My father was chief technician in the Dept. of Diagnostic Methodology in
the Southern General, Glasgow.
Professor Caird, a gastroentorologist, was with that Dept.
I gather he was appointed the world's first ever Professor of Computing as applied to
medicine, at Glasgow University.

Anyway, the Dept. had a PDP-11/45 computer (much less powerful than all your PC's
these days!). Huge, removable 80MByte disk packs!
Programmed in FORTRAN by Lucas Associates.
(FORTRAN for human-computer interaction - yikes!)

Anyway, they built up a database of patient responses to questions on abodominal
pain. Using the Baysian statistics of Dr.
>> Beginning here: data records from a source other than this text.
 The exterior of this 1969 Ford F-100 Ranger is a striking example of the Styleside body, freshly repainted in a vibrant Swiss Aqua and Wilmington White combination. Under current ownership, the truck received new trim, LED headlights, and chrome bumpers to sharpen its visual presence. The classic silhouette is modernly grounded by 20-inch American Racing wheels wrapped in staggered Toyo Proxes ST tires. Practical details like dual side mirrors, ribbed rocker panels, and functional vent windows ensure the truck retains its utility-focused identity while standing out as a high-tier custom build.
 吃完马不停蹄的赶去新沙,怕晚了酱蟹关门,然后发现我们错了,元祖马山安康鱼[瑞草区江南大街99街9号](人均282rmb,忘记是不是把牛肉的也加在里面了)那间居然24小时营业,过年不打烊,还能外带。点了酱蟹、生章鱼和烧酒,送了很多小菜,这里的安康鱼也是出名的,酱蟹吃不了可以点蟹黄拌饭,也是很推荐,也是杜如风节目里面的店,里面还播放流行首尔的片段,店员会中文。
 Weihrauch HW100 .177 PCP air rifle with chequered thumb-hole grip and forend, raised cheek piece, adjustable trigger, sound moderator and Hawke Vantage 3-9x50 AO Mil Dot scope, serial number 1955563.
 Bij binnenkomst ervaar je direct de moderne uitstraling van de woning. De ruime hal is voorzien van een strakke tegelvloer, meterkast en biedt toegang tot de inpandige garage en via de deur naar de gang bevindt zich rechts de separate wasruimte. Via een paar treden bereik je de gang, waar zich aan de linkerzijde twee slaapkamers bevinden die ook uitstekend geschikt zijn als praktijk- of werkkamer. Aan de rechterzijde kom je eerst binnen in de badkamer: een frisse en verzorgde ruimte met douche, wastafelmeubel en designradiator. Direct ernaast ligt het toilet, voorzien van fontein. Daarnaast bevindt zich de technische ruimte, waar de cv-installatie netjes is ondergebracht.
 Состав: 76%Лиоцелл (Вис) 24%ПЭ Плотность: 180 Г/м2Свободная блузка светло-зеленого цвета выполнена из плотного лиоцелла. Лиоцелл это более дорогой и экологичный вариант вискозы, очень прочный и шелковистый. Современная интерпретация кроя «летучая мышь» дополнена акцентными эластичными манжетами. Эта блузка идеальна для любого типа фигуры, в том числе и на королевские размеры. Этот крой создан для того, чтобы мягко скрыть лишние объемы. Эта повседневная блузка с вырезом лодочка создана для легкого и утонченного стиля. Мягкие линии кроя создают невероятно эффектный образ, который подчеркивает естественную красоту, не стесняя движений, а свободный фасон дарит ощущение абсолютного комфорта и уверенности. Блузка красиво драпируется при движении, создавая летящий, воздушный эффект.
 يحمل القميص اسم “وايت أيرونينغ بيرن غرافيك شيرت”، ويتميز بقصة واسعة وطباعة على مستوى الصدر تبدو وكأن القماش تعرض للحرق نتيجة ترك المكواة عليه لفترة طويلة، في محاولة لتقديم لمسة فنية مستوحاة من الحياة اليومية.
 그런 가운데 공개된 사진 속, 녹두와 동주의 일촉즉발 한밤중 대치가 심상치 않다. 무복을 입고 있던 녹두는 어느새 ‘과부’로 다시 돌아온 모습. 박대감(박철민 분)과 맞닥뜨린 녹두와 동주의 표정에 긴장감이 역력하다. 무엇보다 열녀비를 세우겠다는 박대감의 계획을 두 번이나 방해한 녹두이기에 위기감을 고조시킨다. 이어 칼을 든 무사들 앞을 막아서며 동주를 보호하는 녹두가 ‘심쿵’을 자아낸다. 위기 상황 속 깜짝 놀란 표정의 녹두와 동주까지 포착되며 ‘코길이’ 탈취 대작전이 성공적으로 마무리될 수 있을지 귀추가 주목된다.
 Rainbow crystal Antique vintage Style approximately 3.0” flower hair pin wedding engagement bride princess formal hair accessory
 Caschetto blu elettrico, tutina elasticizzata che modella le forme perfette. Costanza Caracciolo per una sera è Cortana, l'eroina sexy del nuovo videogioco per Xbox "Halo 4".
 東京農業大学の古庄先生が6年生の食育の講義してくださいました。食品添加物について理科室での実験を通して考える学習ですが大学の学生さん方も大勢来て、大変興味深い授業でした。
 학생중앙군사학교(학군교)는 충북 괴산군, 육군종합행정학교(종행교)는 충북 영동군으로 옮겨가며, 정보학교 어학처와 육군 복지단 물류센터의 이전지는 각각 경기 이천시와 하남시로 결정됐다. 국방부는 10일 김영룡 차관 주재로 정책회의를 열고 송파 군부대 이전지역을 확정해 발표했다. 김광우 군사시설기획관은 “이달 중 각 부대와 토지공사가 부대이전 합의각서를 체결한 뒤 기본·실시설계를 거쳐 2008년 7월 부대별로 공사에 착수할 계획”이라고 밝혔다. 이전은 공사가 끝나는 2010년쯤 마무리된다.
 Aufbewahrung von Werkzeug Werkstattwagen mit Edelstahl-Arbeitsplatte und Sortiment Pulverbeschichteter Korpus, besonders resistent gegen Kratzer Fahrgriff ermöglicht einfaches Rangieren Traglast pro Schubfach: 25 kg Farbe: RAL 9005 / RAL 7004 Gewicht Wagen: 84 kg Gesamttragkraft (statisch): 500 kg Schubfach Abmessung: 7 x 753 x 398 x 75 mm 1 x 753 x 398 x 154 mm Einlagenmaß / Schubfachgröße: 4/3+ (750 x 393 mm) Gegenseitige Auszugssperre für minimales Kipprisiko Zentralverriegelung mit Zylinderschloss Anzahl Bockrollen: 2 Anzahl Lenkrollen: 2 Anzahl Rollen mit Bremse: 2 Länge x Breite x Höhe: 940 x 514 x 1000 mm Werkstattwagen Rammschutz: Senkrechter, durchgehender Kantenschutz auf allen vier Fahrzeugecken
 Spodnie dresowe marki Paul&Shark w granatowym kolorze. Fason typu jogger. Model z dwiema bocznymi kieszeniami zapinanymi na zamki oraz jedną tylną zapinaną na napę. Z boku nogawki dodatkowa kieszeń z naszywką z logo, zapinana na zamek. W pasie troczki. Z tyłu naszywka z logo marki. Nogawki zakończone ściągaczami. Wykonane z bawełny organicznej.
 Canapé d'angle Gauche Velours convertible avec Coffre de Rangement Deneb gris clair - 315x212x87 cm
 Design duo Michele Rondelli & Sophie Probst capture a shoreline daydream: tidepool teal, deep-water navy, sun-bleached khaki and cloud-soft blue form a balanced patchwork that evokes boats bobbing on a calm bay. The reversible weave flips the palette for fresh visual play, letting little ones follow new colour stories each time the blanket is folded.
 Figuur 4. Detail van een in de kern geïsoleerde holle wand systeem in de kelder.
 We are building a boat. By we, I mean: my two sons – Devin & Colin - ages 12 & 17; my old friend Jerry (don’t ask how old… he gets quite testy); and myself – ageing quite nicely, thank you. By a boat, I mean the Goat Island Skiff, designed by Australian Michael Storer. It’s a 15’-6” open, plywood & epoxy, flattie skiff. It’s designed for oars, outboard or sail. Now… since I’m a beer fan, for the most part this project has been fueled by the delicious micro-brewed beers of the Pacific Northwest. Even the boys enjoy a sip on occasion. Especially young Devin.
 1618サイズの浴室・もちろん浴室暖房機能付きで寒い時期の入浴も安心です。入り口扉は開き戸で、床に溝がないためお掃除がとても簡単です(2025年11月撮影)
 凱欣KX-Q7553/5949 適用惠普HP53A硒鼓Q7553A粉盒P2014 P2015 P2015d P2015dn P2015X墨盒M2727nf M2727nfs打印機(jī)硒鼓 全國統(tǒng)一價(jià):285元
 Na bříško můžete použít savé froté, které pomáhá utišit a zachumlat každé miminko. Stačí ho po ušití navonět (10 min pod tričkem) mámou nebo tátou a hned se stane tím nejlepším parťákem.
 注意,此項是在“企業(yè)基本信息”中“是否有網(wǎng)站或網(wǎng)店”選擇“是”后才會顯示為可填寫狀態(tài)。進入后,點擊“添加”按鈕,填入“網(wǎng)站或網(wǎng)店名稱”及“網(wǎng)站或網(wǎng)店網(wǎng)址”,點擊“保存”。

De Dombal, the computer was able to
come up with some pretty accurate diagnoses.
A couple of the things I remember are

1) patients were more likely to tell the 'truth' to a computer, being less
   embarrased. e.g. about levels of alcohol consumption.
   "I only drink to be sociable, doctor"

2) Some of the computer vocabulary had to be changed to suit local tastes.
    I'm sure Alan Hyslop can tell us what the 'dry boak' is!


The unit had a room where the patient sat in front of a computer terminal
(none of your windows in those days). The keyboard was replaced by a box with
two or three touch sensitive buttons.
Unknown to the patient, researchers could watch via a one-way screen
and do research on patient-computer interaction.

I gather the PDP went to the great scrapyard in the sky a few years ago. Sad.